Minister of Agriculture of Albania
- In office 5 July 1950 – 6 September 1951

Speaker of the Parliament of Albania
- In office 25 September 1973 – 27 December 1975

Personal details
- Born: December 6, 1924 Rekë, Dibër, North Macedonia (then Yugoslavia)
- Died: December 27, 1975 (aged 51) Durrës, Albania

= Iljas Reka =

Albanian politician (1924–1975)

Iljas Reka (6 December 1924 – 27 December 1975) was an Albanian politician. He served as Chairman of the Assembly of the Republic of Albania from 25 September 1973 to 27 December 1975.

==Life==
Iljas Reka was born on December 6, 1924, in the region of Rekë, Dibër (present day North Macedonia). In 1943 he became a member of the Communist Party and subsequently joined the partisan group of Pezë, with the 22nd Brigade (8th and 4th divisions).

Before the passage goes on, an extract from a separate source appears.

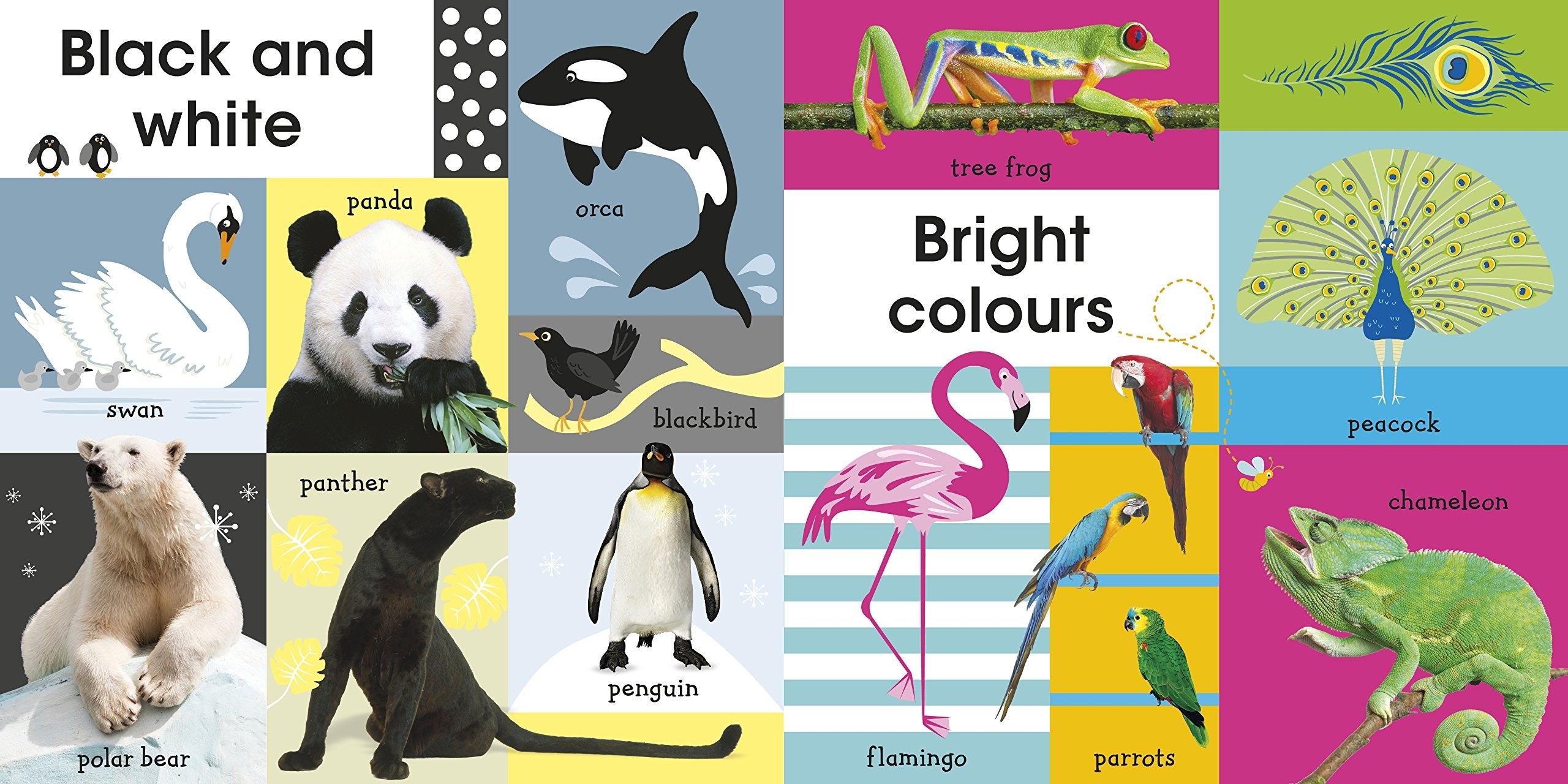 The ideal first animal picture book for babies and toddlers. Build little ones' vocabulary with 100 important animals, all with bold photographs and beautiful illustrations. Bright and colourful themed pages cover pets, farm animals, big beasts, cute baby animals, and animal colours and patterns. 100 First Animals is a large board book with a padded cover and makes an ideal first gift for babies. Crystal-clear photos show the wonder of the animal world, while engaging illustrations tell simple stories that stimulate talking, from a swan with her cygnets to a fish being chased by a smiley shark! Word labels encourage pointing, naming, and picture-and-word association. Cleverly designed to inform and entertain, 100 First Animals makes learning an exciting adventure for your baby.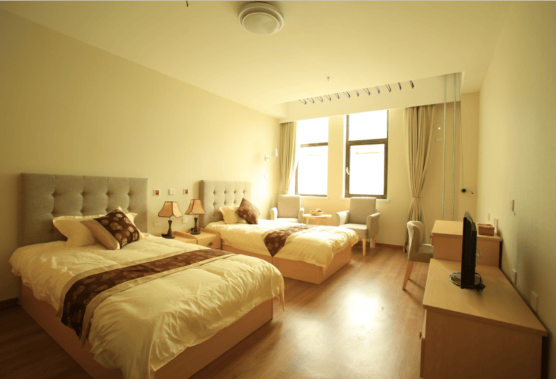 3. 规模重点:2.2万㎡社区,336张床位,配置完善总占地面积约3.6万平米,规划总建筑面积2.2万平米,设计1栋医疗康复中心(约9000平米)和3栋养老住宅(约13000平米),共336张养老床位,配有3500平米的养生娱乐区,规模适中,既不会过于拥挤,又能保证配套完善,居住舒适度高。标准间50平米,套间100平米,宽敞明亮,适合长者独立居住或陪同居住[3]。

From 1947 to 1948, he served as Deputy Minister of Agriculture. In the period between 1948–1949 and 1951–1974, he served as the first secretary of the Labor Party Committee in Durrës. In 1949–1950, he was appointed instructor in the branch organization of the Central Committee. Later from 1950–1951, Reka was promoted to Minister of Agriculture. In 1974–1975, he served as first secretary of the Party Committee in Lushnje. During this time, from 1973 to 1975, he was named Chairman of the People's Assembly. Reka died in Durrës on December 27, 1975.